The papers are intended to be used as guidelines to help
people choose technologies that are suitable to their situations.
They are not intended to provide construction or implementation
details. People are urged to contact VITA or a similar organization
for further information and technical assistance if they
find that a particular technology seems to meet their needs.
The papers in the series were written, reviewed, and illustrated
almost entirely by VITA Volunteer technical experts on a purely
voluntary basis. Some 500 volunteers were involved in the production
of the first 100 titles issued, contributing approximately
5,000 hours of their time. VITA staff included Maria Giannuzzi
as editor, Julie Berman handling typesetting and layout, and
Margaret Crouch as project manager.
The author of this paper, VITA Volunteer Joe Remmers, is a civil
engineer who designs and constructs water and wastewater facilities
for Black & Veatch Construction Engineers. He has prepared
plans and specifications for various construction projects in
Saudi Arabia. The reviewers are also VITA volunteers. Dr. F.O.

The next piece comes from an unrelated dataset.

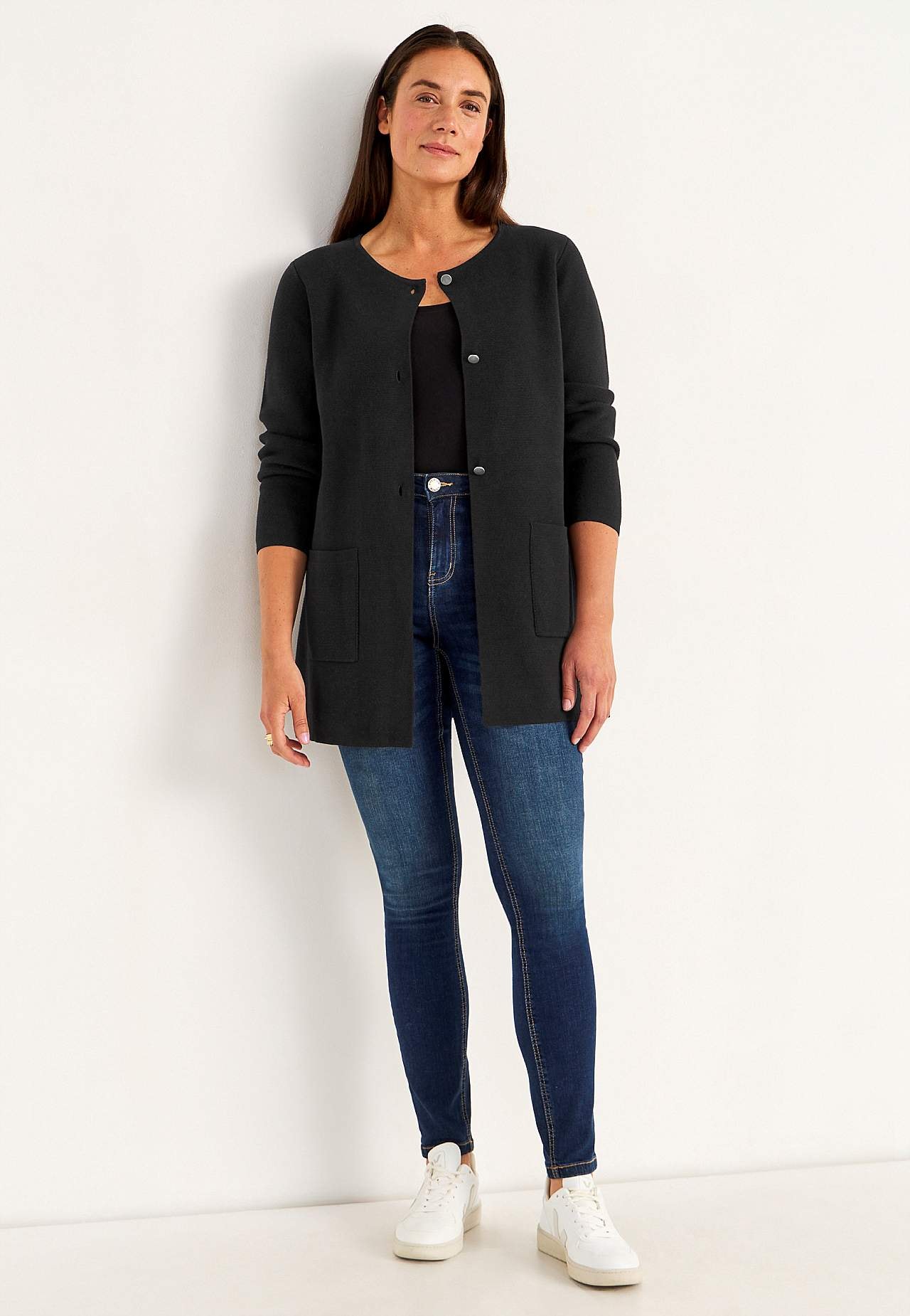 Finstrikket cardigan i formfast, myk bomullskvalitet med fin struktur. Rent, stilrent design perfekt for hele året. Litt lengre modell med lommer foran. Rett passform. Tre antikksølv knapper. Lengden følger størrelsen, ca. 77-86 cm fra skulderen.

Blackwell is an associate professor in environmental health with
the East Carolina University School of Allied Health. He has
worked as a health and sanitation adviser with the United States
Agency for International Development in Pakistan, and has taught
at the American University of Beirut, Lebanon School of Public
Health. Morton S. Hilbert, P.E., is chairman and professor in the
department of environmental and industrial health at the University
of Michigan School of Public Health. He is a registered
professional engineer and has worked in the field of environmental
health in 20 countries in Africa, South America, Central
America, and Asia.
VITA is a private, nonprofit organization that supports people
working on technical problems in developing countries. VITA offers
information and assistance aimed at helping individuals and
groups to select and implement technologies appropriate to their
situations. VITA maintains an international Inquiry Service, a
specialized documentation center, and a computerized roster of
volunteer technical consultants; manages long-term field projects;
and publishes a variety of technical manuals and papers.

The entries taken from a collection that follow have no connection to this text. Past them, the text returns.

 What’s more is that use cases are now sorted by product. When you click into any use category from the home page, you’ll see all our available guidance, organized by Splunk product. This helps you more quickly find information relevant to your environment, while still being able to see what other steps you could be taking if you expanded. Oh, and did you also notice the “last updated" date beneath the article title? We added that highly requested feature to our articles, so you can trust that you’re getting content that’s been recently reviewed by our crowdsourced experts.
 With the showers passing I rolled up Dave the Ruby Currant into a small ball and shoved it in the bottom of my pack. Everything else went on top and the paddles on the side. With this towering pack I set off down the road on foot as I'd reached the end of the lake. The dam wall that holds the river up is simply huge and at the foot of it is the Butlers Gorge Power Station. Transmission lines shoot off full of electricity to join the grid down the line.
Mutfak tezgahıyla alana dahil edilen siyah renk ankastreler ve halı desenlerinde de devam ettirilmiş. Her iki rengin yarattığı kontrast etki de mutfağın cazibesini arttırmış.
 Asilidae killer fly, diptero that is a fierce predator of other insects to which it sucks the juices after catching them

                       by VITA Volunteer Joe Remmers
Water supply systems have been a vital part of human life since
before recorded history. Early "systems" consisted of no more
than simply drawing water out of a river or lake with a jar or
bowl. Later, aqueducts were built to move water to more desirable
locations. Such was the case in ancient Egyptian societies. The
Romans were known to have developed aqueducts for conveying water
for use within their cities. Cast iron piping was reportedly used
in Europe in the seventeenth century. Hand pumps appeared for the
first time toward the latter half of the eighteenth century.
Water system technology changed drastically during the Industrial
Revolution when engine- and motor-driven pumps were developed.
Chlorine was discovered to be an effective germ-killing agent and
modern pipe manufacturing techniques were invented. Today, water
systems around the world provide safe drinking water for millions
of people.
In those parts of the world not served by water systems, however,
inadequate water supplies continue to be a major problem. The
World Health Organization has estimated that approximately 1,100
million people do not have access to safe and adequate water supplies.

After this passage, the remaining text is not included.